Le voyage pour Sighisoara devait durer 8 heures,
mais voilà que nous ratons une première correspondance à Sibiu (voir article précédent). Etre bloqués à Sibiu, c'est un peu comme faire une escale aux Canaries en allant aux Antilles, ou prendre
l'apéro au champagne, que du bonheur ! Avec Gillou, nous profitons de ces 3 heures de batement pour faire une visite express de la ville, je découvre des endroits qui nous avaient échappés la
semaine dernière ! Nous buvons quelques bières en ville avant de reprendre joyeusement le train ! Et quel train : un intercity, les pires (les meilleurs?) trains roumains : intérieur défoncé,
portes grandes ouvertes... L'expérience est nouvelle pour nous : nous restons dans l'entrée du train, penchés par la porte, à chanter (hurler?), le vent nous fouette le visage !

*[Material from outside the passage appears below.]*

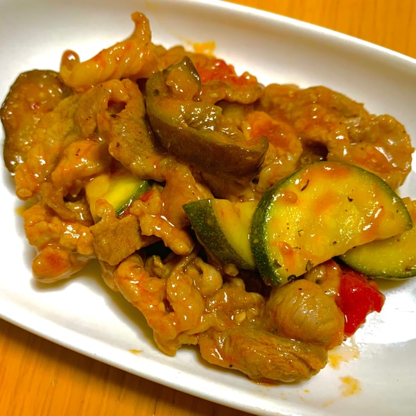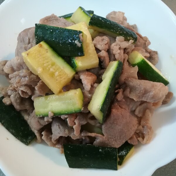 スピードおかず♪ ズッキーニと豚こま肉のケチャップ炒め。

(On the road again). Les gens nous prennent pour des fous ! Nous déchantons vite en
ratant une seconde correspondance et nous retrouvons bloqués à Copa Mica pour deux nouvelles heures ... et
pas de bar ici ! Finalement, nous voilà à 3h du matin à Sighisoara, nos camarades craiovins dorment déjà ! Nous faisons un rapide tour en ville avant de rejoindre Morphée .
Samedi, c'est parti : notre troupe, composée de roumains, d'anglaises et de français part à l'assaut de la ville ! Le festival bat son plein : concert, spectacle de jongle, joutes.. .
Nous nous essayons au maniement de l'épée (d'ailleurs, je lui ai appris la vie au maître d'armes..). Tout a lieu dans les rues de la citadelle
. Mise à part les appareils photos, nous sommes revenus 500
ans en arrière, ambiance médiévale à 100%. Nous escaladons la tour de l'horloge pour avoir une vue d'ensemble sur la ville, c'est époustouflant ! Nous faisons honneur à la nourriture et à la
boisson roumaine (mici, Timisoreana, buc, Timisoreana...).
Quand les animations se terminent et que cavaliers, chevaliers, trombadours et ménestrels vont se coucher, la jeunesse roumaine prend possession de la citadelle : des petits groupes se forment autour de guitaristes et nous reprenons les classiques de Roumanie et du monde...
La nuit est courte ! Et dès 11 heures, Gilles, les anglaises et moi-même, prenons le train de retour. Nous déjeunons en cours de route, à nouveau à Sibiu, entre deux trains, après une pause "méditation" au sommet du clocher de l'église évangélique. Légèrement fatigués, nous siestons dans le dernier train.
L'arrivée à Craiova interrompit notre partie de carte.